The OLH award.

The Open Library of Humanities Award seeks to recognise and honour individuals who have made outstanding contributions to the advancement of open scholarship.

By acknowledging the outstanding efforts of individuals, the Open Library of Humanities Award aims to recognise the value of individual endeavours in open access and encourage others to actively engage in the promotion of open scholarship and its principles.

Martin Paul Eve stands smiling broadly in front of wildflowers
                 and trees. He wears a Janeway T-shirt, holds the 2023 OLH
                 Award in one hand, and uses a cane for support with the other
                 hand.

Martin Paul Eve, 2023

The inaugural Open Library of Humanities Award 2023 was awarded to Prof. Martin Paul Eve. Martin’s outstanding record of scholarly research is matched by a deep commitment to principles of open access and the protection of community-led open-source publishing technologies. Martin co-founded the OLH in 2013 with Dr Caroline Edwards and went on to work widely in open access and HE policy. He has appeared before the UK House of Commons Select Committee BIS Inquiry into Open Access, writing for the British Academy Policy Series on the topic, been a steering-group member of the OAPEN-UK project, the Jisc National Monograph Strategy Group, the SCONUL Strategy Group on Academic Content and Communications, the Open Knowledge Foundation’s Open Access Steering Group, the Jisc Scholarly Communications Advisory Group, the Collaborative Knowledge Foundation advisory board, the California Digital Library/University of California Press’s Humanities Book Infrastructure advisory board, and the HEFCE Open Access Monographs Expert Reference Panel (2014), the Universities UK OA Monographs Working Group (2016-). Martin is a Plan S Ambassador and is currently running Work Package 3 of the COPIM project, funded by Research England and the Arcadia Foundation.
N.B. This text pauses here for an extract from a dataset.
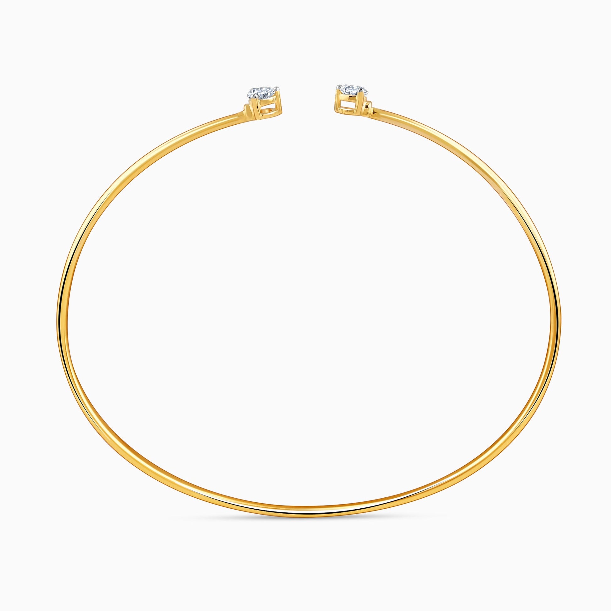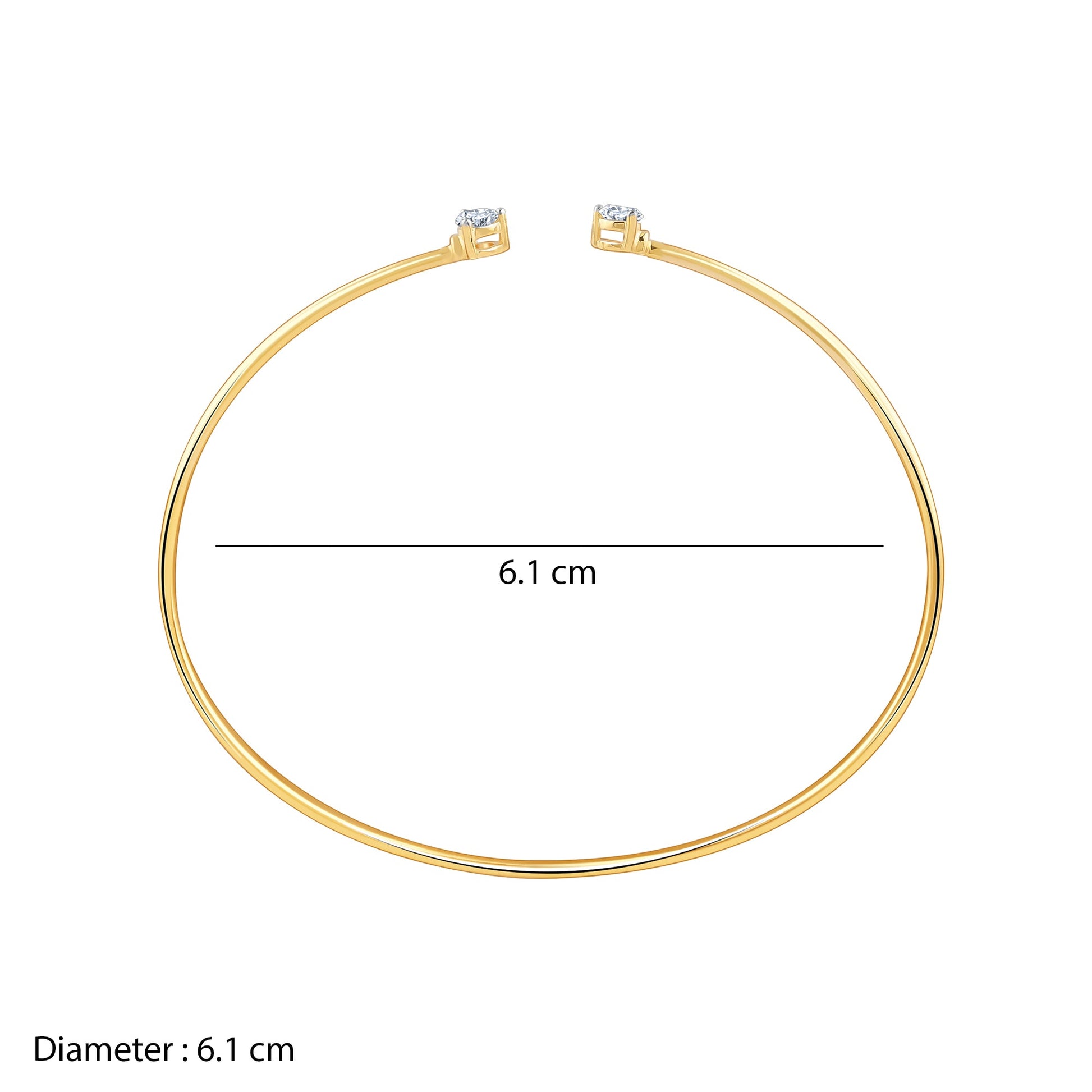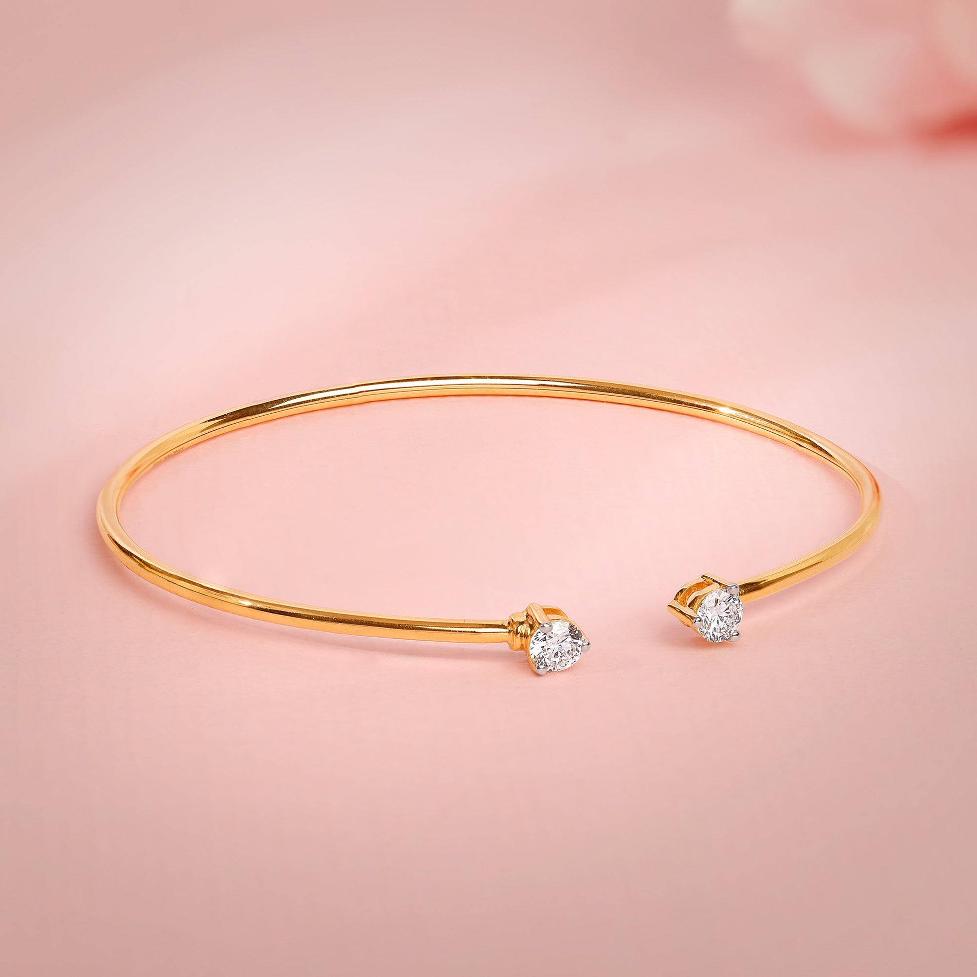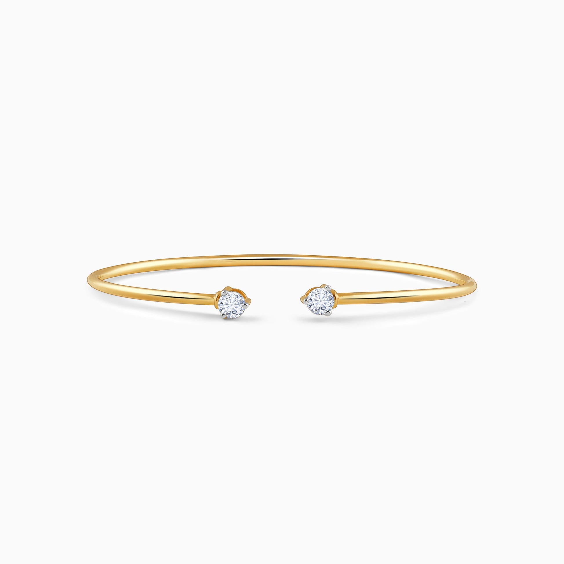This gold cuff bracelet for women features an open band with two twin solitaire lab grown diamonds at each end.

As a result of this policy work, Martin was named as one of the Guardian’s five finalists for higher education’s most inspiring leader 2017. In 2018, Martin was awarded the KU Leuven Medal of Honour in the Humanities and Social Sciences and alongside co-contributors and the editor won the Electronic Literature Organization’s N. Katherine Hayles Award for The Bloomsbury Handbook of Electronic Literature. In 2020, Martin was elected a Fellow of the English Association. In 2021, Martin was named by the Shaw Trust as one of the 100 most influential disabled people in the UK. Martin is also the developer of several digital humanities / computational projects. In 2018 he co-founded Janeway with Andy Byers, the OLH’s in-house open-source digital publishing platform.

Martin’s academic career has been equally illustrious. He is the author of twelve academic monographs on topics ranging from contemporary American and British fiction, histories and philosophies of technology, evaluative cultures in the academy, and technological mutations in scholarly publishing. Martin has also co-edited two essay collections on scholarly communications. In 2019, Martin was awarded the prestigious Philip Leverhulme Prize for Literary Studies by the Leverhulme Trust. Martin is currently Principal R&D Developer at CrossRef, working on experimental research and development projects for Labs. He is also the Professor of Literature, Technology and Publishing at Birkbeck, University of London.